My Lords, it is not my intention to prolong the debate. My purpose in rising is simply to convey my thanks to all those who have contributed to make this debate so extremely interesting and informative. If I may, without creating any invidious distinctions, I should like in particular, first of all, to congratulate the noble Lord, Lord Hill of Luton, on his excellent maiden speech and on the views he expressed in the course of that speech, which give us who are interested in adult education even greater hope than we had.

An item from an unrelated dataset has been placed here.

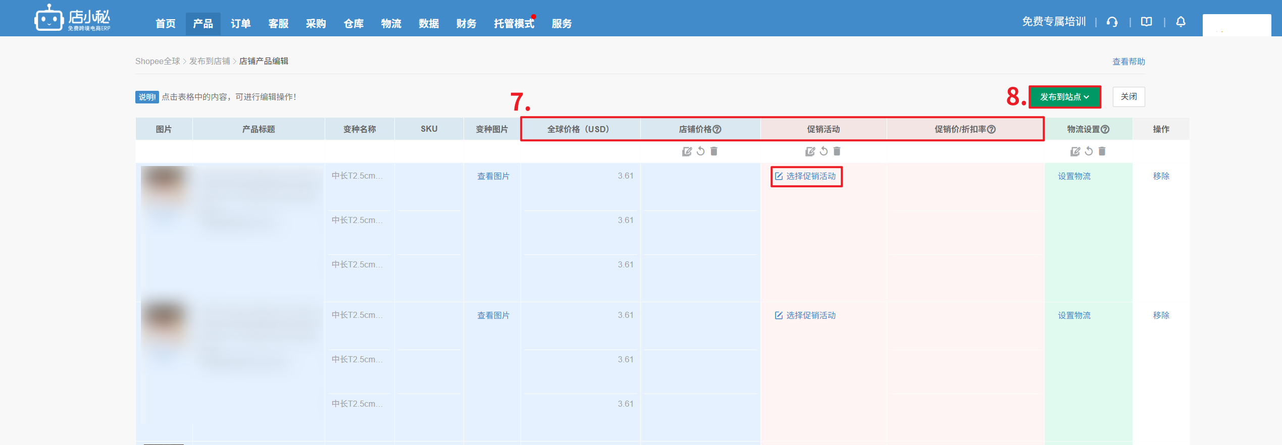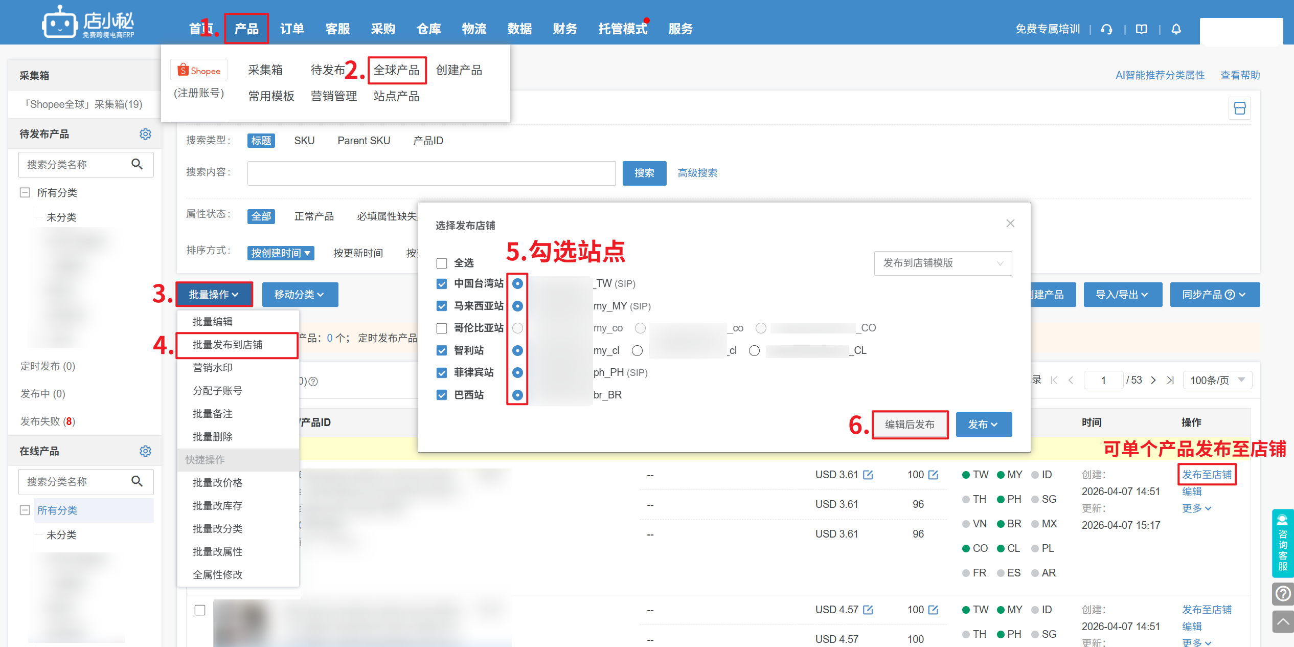 第一步:【产品—全球产品—在线产品—单个/批量—发布至店铺—选择具体站点—编辑后发布】

Secondly, I should like to refer to the remarks of the noble Baroness, Lady Elliot of Harwood, about the contribution that the Carnegie United Kingdom Trust made when Newbattle Abbey was originally established. She will probably know quite well that the then Chairman, the Earl of Elgin and Kincardine, is and has been from the very commencement of Newbattle the Chairman of Governors, and that he and another man and myself are the three surviving founder members of Newbattle Abbey College. So I would ask the noble Baroness, if I may, to put in a good word now and again, even for a contribution towards the building fund appeal, which we are now, as your Lordships know, in the process of launching. Although we are not asking for money, I think as a gesture that it would be extremely welcome.

I should also like to congratulate the noble Lord, Lord Aberdare, on his virginal appearance at the Box, and without any political implications to say I hope he rises in the esteem of his own side to go to greater heights still. I well remember his 1960 intervention in the debate on adult education we had then. I well remember, also, his, if I may say so, enlightened references to the part that the B.B.C. could play in the advance of adult education. I thought his speech extremely impressive, and I see by his contribution this evening that he has not lost his old fervour. I wish him every success.

Finally, may I say in regard to the noble Lord, Lord Bowden, how delighted I am at his being in charge in your Lordships' House of education and science? Apart from his own personal achievements in his particular sphere of work, to have him here as the watchdog and, if you like, the stimulator of an interest in your Lordships' House in adult education is, I think, one of the greatest contributions that have recently been made in the furthering of education generally. I thank all of your Lordships for your part in this very important debate.

May I please repay one debt which I omitted in my somewhat incoherent original remarks? We ought, as a House, to pay our thanks to the American information service in London for their periodical known as Labour News, and particularly for the number of December, 1962, in which there is a special article headed "New Concepts of Education and Training", being the verbatim speech of W. Willard Wirtz, the United States Secretary of Labour at that time. It is an article well worth reading, and, in support of what the noble Lord, Lord Bowden, has said, it gives one an indication of the spirit in which education in the realm of labour is regarded in America.

I thank your Lordships very much for your patience. I am reminded that it is customary to withdraw my request for Papers. I confess I have not the remotest idea what those Papers are, or what they are supposed to mean; but, since it is the custom of the House to ask leave for that withdrawal, I have much pleasure in doing so.

Motion for Papers, by leave, withdrawn.